A Mechanistic Design Approach for Graphite Nanoplatelet (GNP) Reinforced Asphalt Mixtures for Low-Temperature Applications

Abstract

This report explores the application of a discrete computational model for predicting the fracture behavior of asphalt mixtures at low temperatures based on the results of simple laboratory experiments. In this discrete element model, coarse aggregates are explicitly represented by spheres, and these spheres are connected by bonds representing the fine aggregate mixture, a.k.a. FAM, (i.e. asphalt binder with the fine-size aggregates). A literature review examines various methods of computational modeling of asphalt materials, as well as the application of nanomaterials to asphalt materials.
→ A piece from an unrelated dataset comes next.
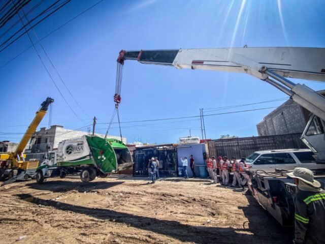 Personal de la JMAS Juárez acudió al cruce de las calles Aeromoza y Aeronáutica con una grúa para realizar las labores de extracción de dos camiones que se quedaron atrapados en una obra concluida que estaba en espera de ser pavimentada.

Bending beam rheometer (BBR) tests are performed to obtain the mechanical properties of the fine aggregate mixture (FAM) at low temperatures. The computational model is then used to simulate the semi-circular bend (SCB) tests of the mixtures. This study considers both the conventional asphalt materials and graphite nanoplatelet (GNP) reinforced asphalt materials. The comparison between the simulated and experimental results on SCB tests shows that by employing a softening constitutive model of the FAM the discrete element model is capable of predicting the entire load-deflection curve of the SCB specimens. Based on the dimensional analysis, a parametric study is performed to understand the influence of properties of FAM on the predicted behavior of SCB specimens.